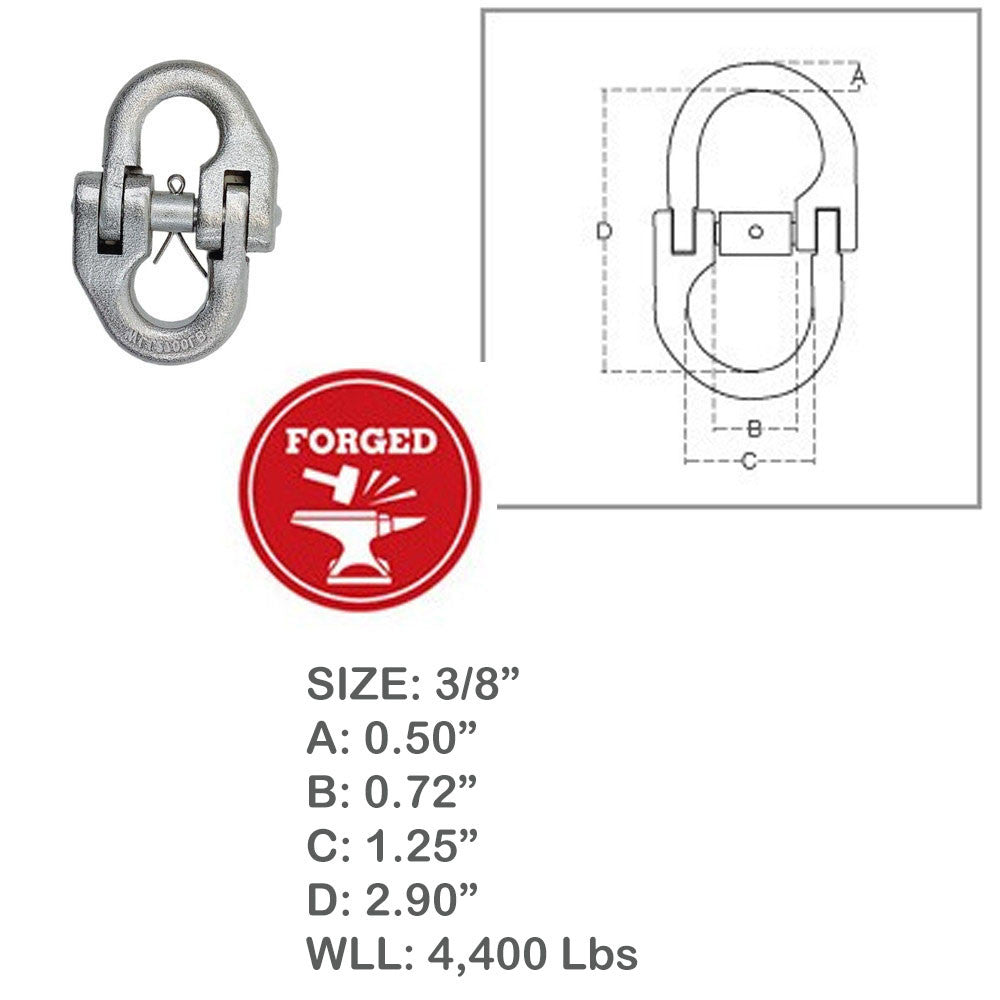 - Stainless Steel 3/8" Marine Hammerlock Coupling Link Connecting Link 4400Lb WLL 4 Pcs
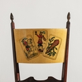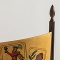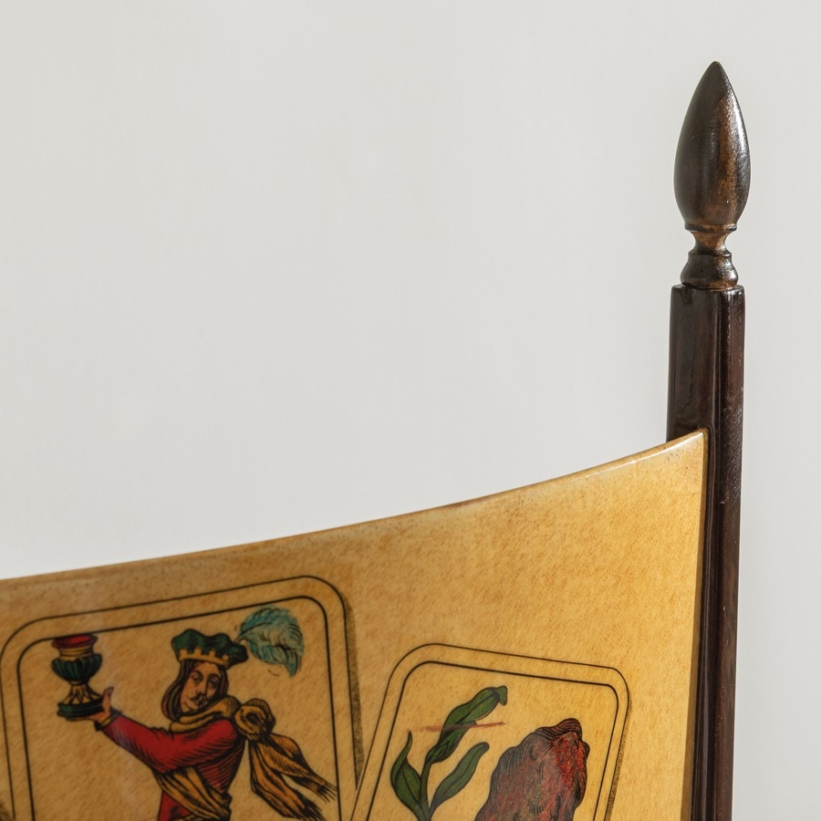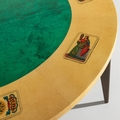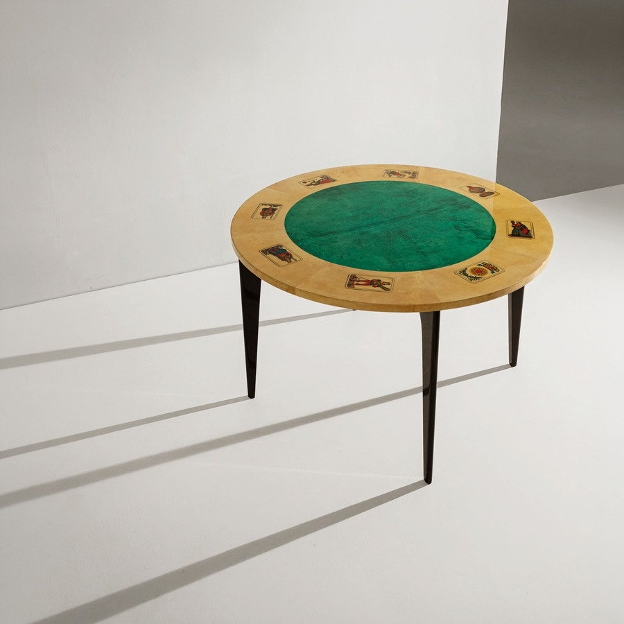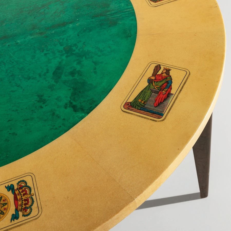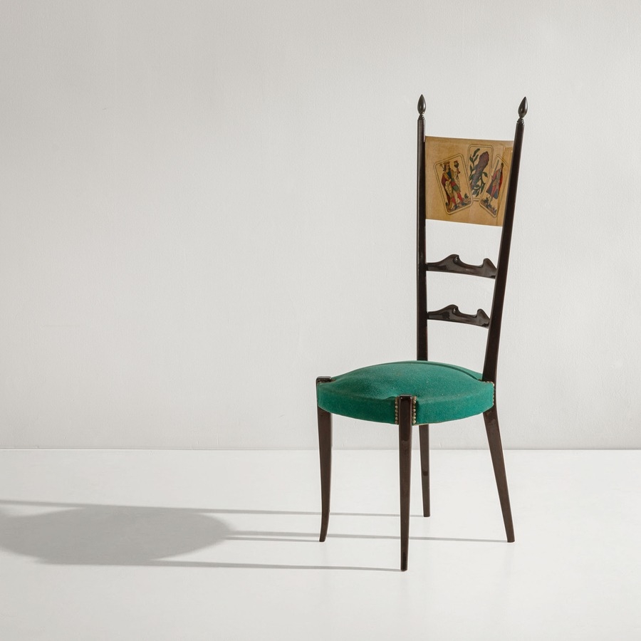 Quattro sedie e un tavolo. Legno rivestito in pergamena, tessuto imbottito. Produzione Tura anni '50.
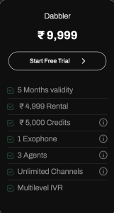 Most of our customers (80%) use the “Dabbler plan”. So I’ll use that as the anchor to explain the pricing. Here’s what you would pay Exotel in a Dabbler plan:

- What is being asked -
Once the line containing "Quattro sedie e" is found, transcribe it and the rest of the lines to the end of the listing above exactly, omitting all pictures.

- Result for this task -
 Quattro sedie e un tavolo. Legno rivestito in pergamena, tessuto imbottito. Produzione Tura anni '50.
 Most of our customers (80%) use the “Dabbler plan”. So I’ll use that as the anchor to explain the pricing. Here’s what you would pay Exotel in a Dabbler plan:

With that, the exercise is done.